Although well established in North America and now an active area of postgraduate research in Europe, environmental history scarcely yet features in the undergraduate curriculum of UK university history departments. Were it taught, Richard Hoffmann’s book would show what a fully developed course might look like. This is unsurprising, for the book’s origin is a course successfully taught by Hoffmann at York University in Canada. It contains the wisdom, and embodies the experience, gained from a career spent presenting this most interdisciplinary of subjects to classes of humanities students shy of science and nervous of numbers. The result is an accessible, readable and thought-provoking book with which any historian, environmental or otherwise, ought to be able to engage. In place of the numbers, tables (none) and graphs (just two) favoured by natural scientists, Hoffmann deploys an eclectic array of illustrations, diagrams and maps, a host of intriguing case-studies, and a telling turn of phrase. In his avowed aims to bring ‘the natural world into the story as an agent and object of history’ and to demonstrate that ‘nature mattered’ (p. 3) to medieval Europeans, he prudently adheres to the paradigm with which his intended audience is most familiar.
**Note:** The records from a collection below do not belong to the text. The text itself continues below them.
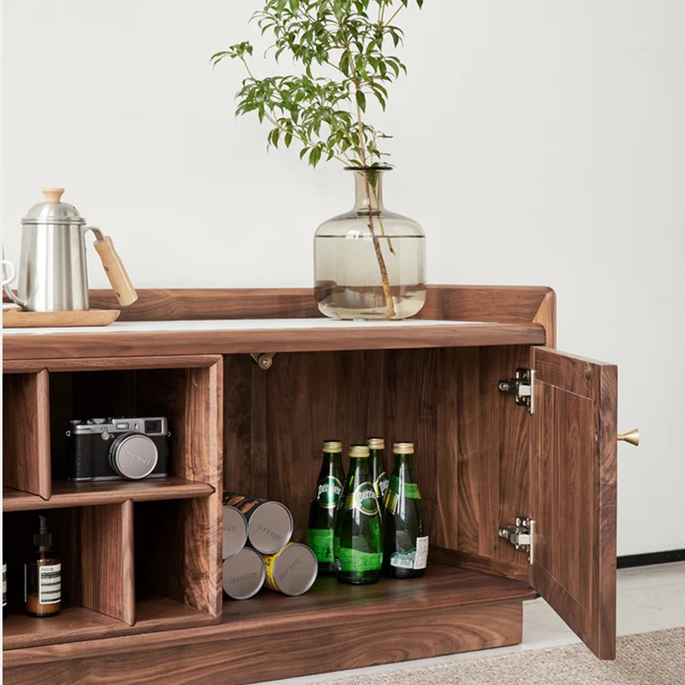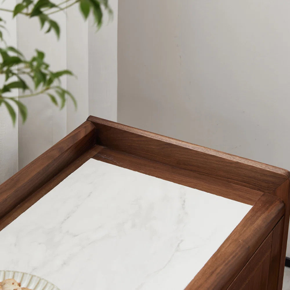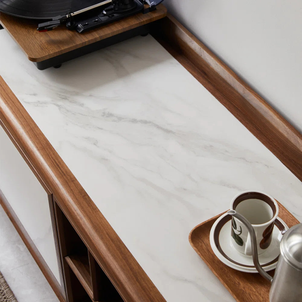 - Sintered stone is used to make the tv panel countertop because it is strong, long-lasting, and attractive. The tv panel is given a warm feel by the walnut frame, which accentuates a noble character with its natural wood grain. Walnut wood and sintered stone go well together and are both elegant and useful for a variety of house designs.
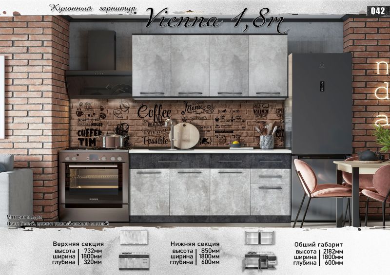 Кухонный гарнитур "Виенна" 1,8 м Белый/Серый, Elegant
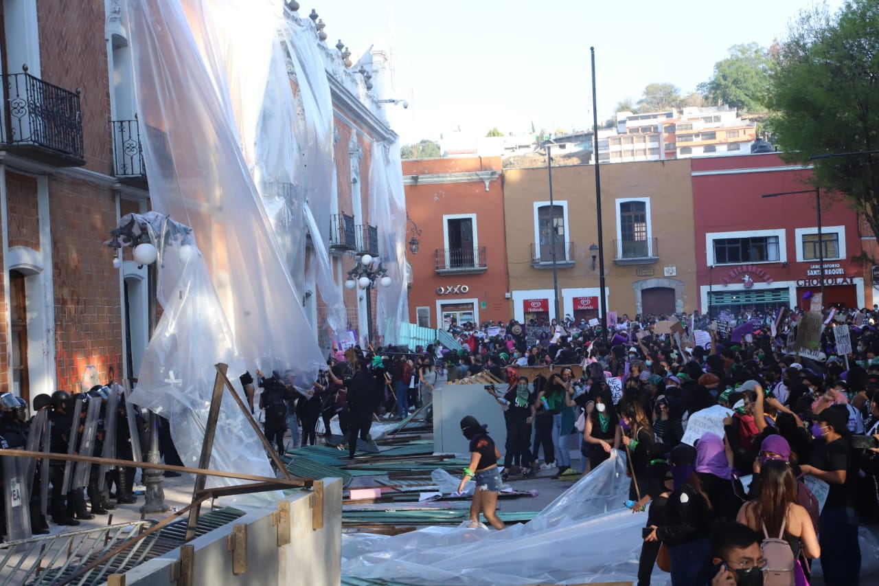 Durante las manifestaciones realizadas en conmemoración del Día Internacional de la Mujer en la ciudad capital de Tlaxcala, en todo momento se garantizó el derecho a la libre expresión de las participantes y se dispusieron espacios para que expusieran sus inconformidades.
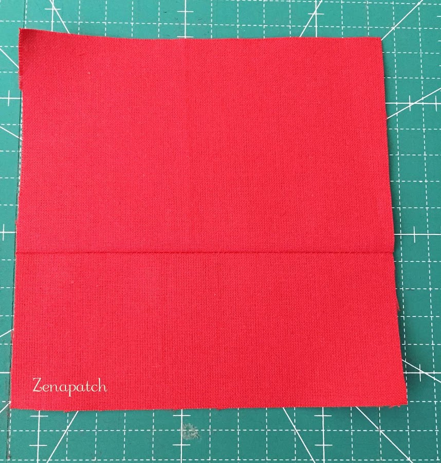 Corta un rectángulo de tela, en mi caso medía 15x 7cm, pero realmente puedes hacerlo de la medida que tú quieras! Plancha a la mitad y colócalo, pero esta vez dejando el lado del doblez en el borde del bloque.
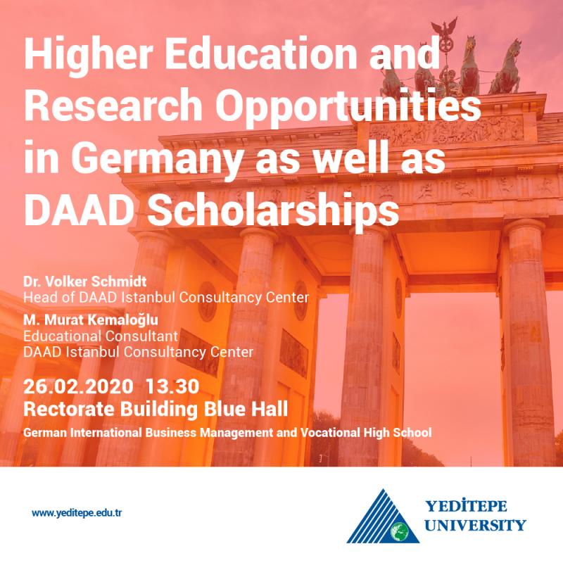 In this event İstanbul Center Director Dr. Volker Schmidt and Education Consultant, Mr. M. Murat Kemaloğlu from DAAD (Deutscher Akademischer Austauschdienst-German Academic Exchange Service) will explain the Higher Education, Research and Scholarship Opportunities in Germany. We would like to welcome all our students both in and out of our department.
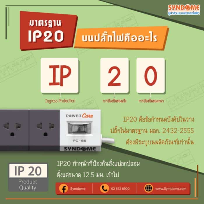 ค่า IP 20 คือข้อกำหนดบังคับในรางปลั๊กไฟมาตรฐาน มอก. 2432-2555 ที่ต้องระบุค่านี้เอาไว้บนผลิตภัณฑ์ตามกฎหมาย โดยค่าสัญลักษณ์นี้มีความสำคัญอย่างยิ่ง เพราะบอกว่าอุปกรณ์ปลั๊กไฟชิ้นนี้สามารถทนทานต่อแรงสัมผัสหรือแรงกระแทกและทนน้ำได้มากน้อยแค่ไหน โดยตัวอักษรและตัวเลขมีความหมายและบอกค่าที่แตกต่างกันไป
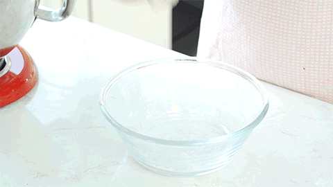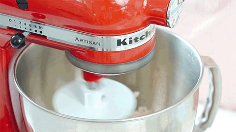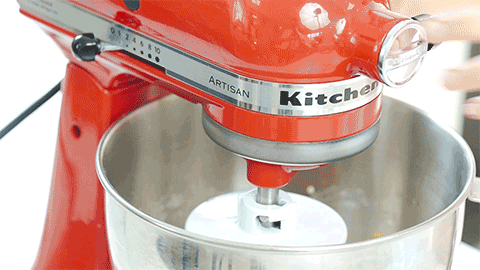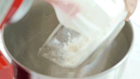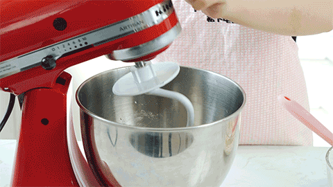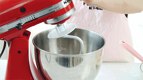 3. 一股脑倒进KitchenAid抬头式厨师机(5KSM125PSC 4.8L)中,先开2档搅拌至无干粉,再开4档继续搅~
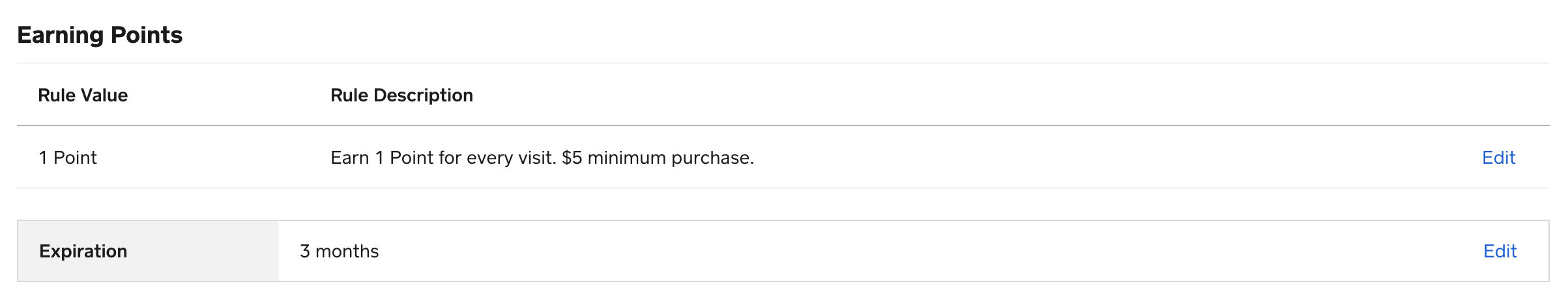 • Per Amount Spent: Reward points based on the total amount spent before tax and tip. For example, 1 point per every $5 spent on a purchase.
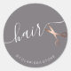 Sticker Rond Elégant ciseaux rose or & gris coiffeuse
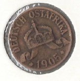 The 1905 German East African 1 Heller coin has a diameter of 20 mm and a weight of 4.5 g. The circulation was 3,760,000 copies.
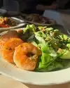 You really have to be looking for this spot — it’s literally just a pink door with no sign out front, which only adds to its charm. Definitely make reservations; even at 11:30 a.m. when they opened for lunch, the place was already bustling. We started with a half carafe of crisp white wine while my husband enjoyed a local brew. The fritto misto was fresh and perfectly fried — light, crunchy, and delicious. We followed with a large Caesar salad topped with seared prawns — the portions were generous and the prawns were huge, tender, and full of flavor. The pasta vongole was equally impressive, loaded with clams and beautifully seasoned. Even though we shared everything, we still left absolutely full and happy. The ambiance is quirky yet cozy, the service impeccable, and James along with the entire waitstaff made us feel so welcome. We absolutely loved everything about this place and can’t wait to return.
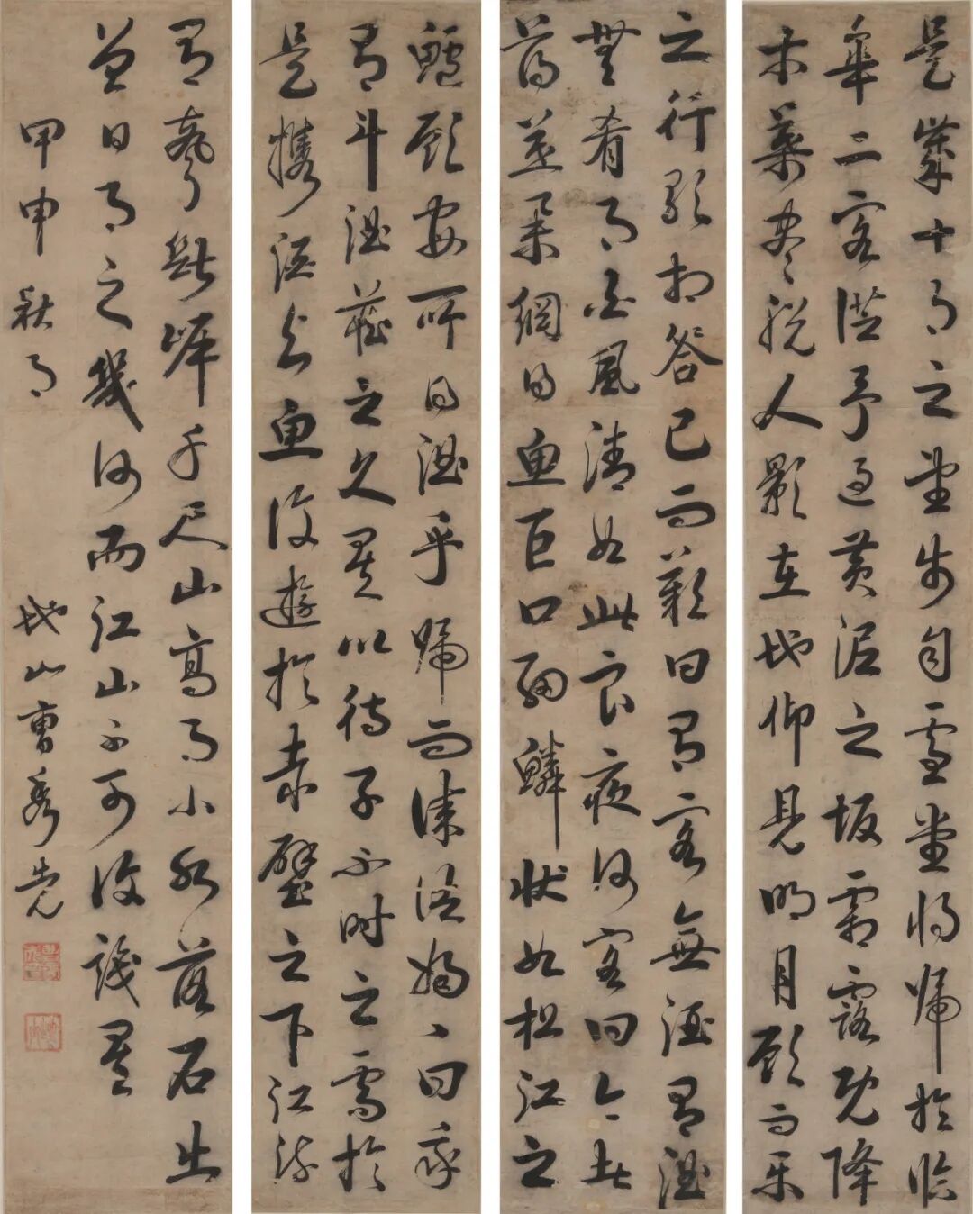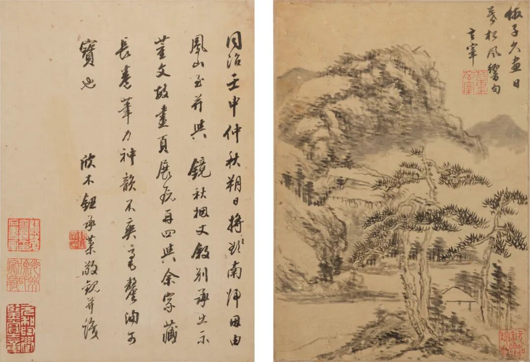 款识:1. 癸丑 (1913) 春日拟西庐老人四法,组云先生法教,二仲弟丁尚庾。钤印:庾、学痴。2. 癸丑春日,二仲写意。钤印:潞河丁氏尚庾字二中金石书画之印信、咫尺应须论万里。3. 十七树梅花山馆二仲作于海陵客次。钤印:十七树梅花山馆庾印、家在燕潞之间。4. 二仲丁尚庾。钤印:庾印、丁六子。
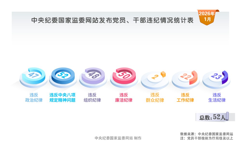 2026年1月,中央纪委国家监委网站发布的52条党纪政务处分信息中,47人违反政治纪律,52人违反中央八项规定精神,48人违反组织纪律,50人违反廉洁纪律,2人违反群众纪律,22人违反工作纪律,23人违反生活纪律。
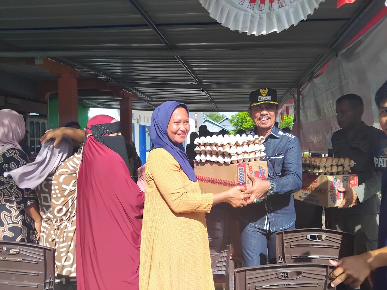 Setiap warga penerima bantuan mendapatkan dua rak telur dan satu dus mie instan. Adapun jumlah penerima bantuan di masing-masing desa meliputi:
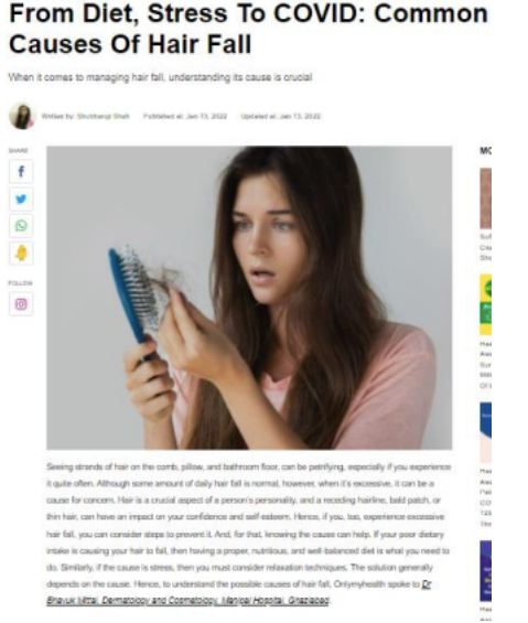 Link: https://www.onlymyhealth.com/common-causes-of-hair-fall-as-per-dermato... https://www.onlymyhealth.com/c...
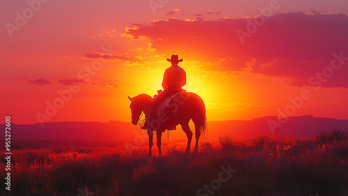 A cowboy is riding a horse in a field with a beautiful sunset in the background

Nevertheless, it is ecology—‘the ecological principle recognises the interconnectedness of living and non-living things through various relationships, processes, and cycles’ (p. 6)—that shapes his agenda, informs his analyses and furnishes him with an especially effective terminology. Thus, writing of a millennia-long era extending from the decline of Rome to the discovery of the Americas, during which empires fell, peoples migrated, cultures clashed, classes conflicted and populations crashed, Hoffmann resists the temptation to talk of crises, revolutions and Malthusian over-population and speaks instead of instability, unsustainability, resource conflict, over-exploitation, overshoot and tipping-points. The terminology may be unfamiliar (a glossary would have helped) but it helps him produce a text devoid of the twin environmental sins of determinism and sensationalism.